A common API specification for executing parser code, and associated tooling.
- Parsers could be run natively (in the language they were written in) on local files via the creation of a language-specific harness to which the parsers contribute plugins. This harness will execute the parser in such a way to maintain the link with its reported schema, as above.
- Parsers could be packaged into containers (Docker or otherwise) that provide reproducible environments for their execution. Another harness for executing the containers from various languages, or via an HTTP API, will be investigated. Such containers can then be deployed as part of larger infrastructure, or used in a serverless fashion.

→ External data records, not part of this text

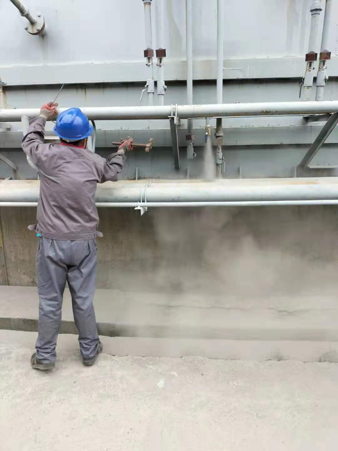 大型粉煤灰钢板仓的空气管道内壁清渣...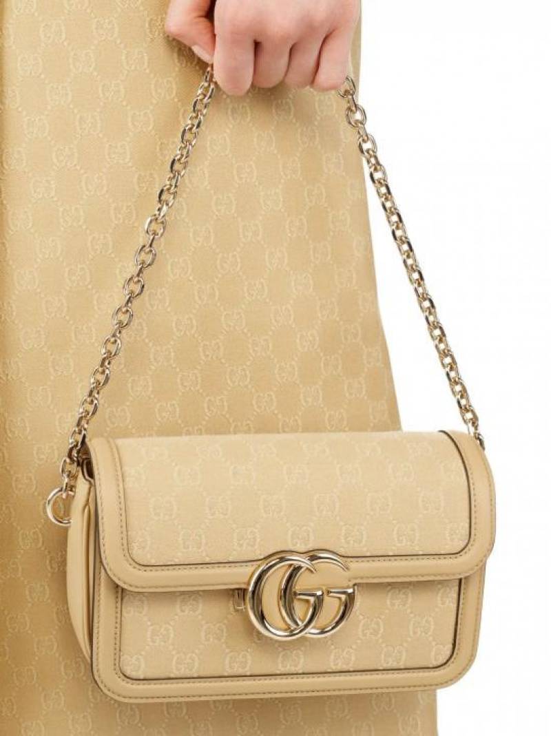 GUCC_I GG CANVAS JACQUARD SHOULDER BAG WITH DOUBLE OG BOX AND DUST BAG (46377-BEIGE)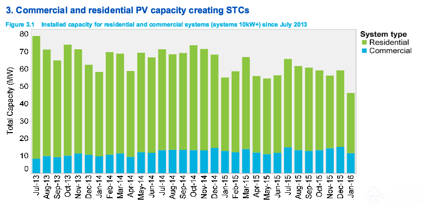 澳大利亞全國累計量超過5GW,預示著澳大利亞的住宅太陽能市場開始引起關注。在一月份,小型光伏系統(tǒng)安裝量為8683,比2015年12月份減少2,937,相比于去年下降17%。這些數(shù)據(jù)是基于小規(guī)模太陽能和住宅太陽能熱水系統(tǒng)的。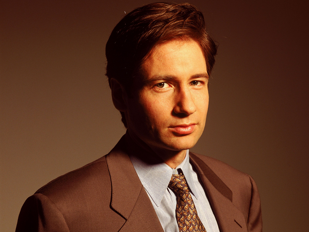 Description: A man in a suit and tie posing for a picture with a brown background and a brown background behind him.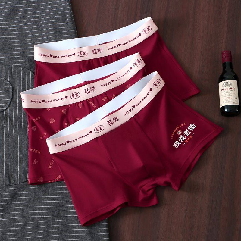 蝶安芬男士内裤男大红色本命年结婚喜庆中腰平角四角柔软内裤礼盒

This approach is well-suited for asynchronous message queues and streaming of data.
A searchable registry of parsers
- Any parser code that implements the above functionality can be added (automatically or otherwise) to a registry of parsers that can be filtered against the metadata schema from the I. This could allow for automated support of a new file type (i.e., filter for parsers that support such a file type, and that provide a container, automatically download and deploy the container and use the expected endpoints to parse the data file).
- Such a registry would provide discoverability and automated validation of resources, accelerating the proliferation of shared or overlapping data models, schemas and semantics. The registry can then be used to chain parsers together as composable blocks, for example, a custom semantic layer could be added to a data model as a converter from a JSON file with well-defined schema, into a JSON-LD file.

Goals & expected impact

Choose some “anointed” parsing libraries across underserved disciplines (primarily for experimental data), and use them as prototypical cases for the above tooling. There are already several options within the list of interested working group members that could be fruitful. The impact here should not only be a more reusable packaging of existing parsers, but also upstream improvements to the parsers themselves as schemas are formalized for the first time.
Once a simple registry has been set up, WG members will trial its use within their own existing infrastructure projects across materials science and chemical data management. If the trial is successful, some of the maintenance burden for these steps could be shared amongst the interested parties, such that future development benefits all.

Deliverables

Within 12 months of the commencement of the working group, we will deliver:

A Working Group Note, published on the MaRDA Alliance website
A proof-of-concept implementation of I, II and III: documented, open source and available under the MaRDA Alliance GitHub organization.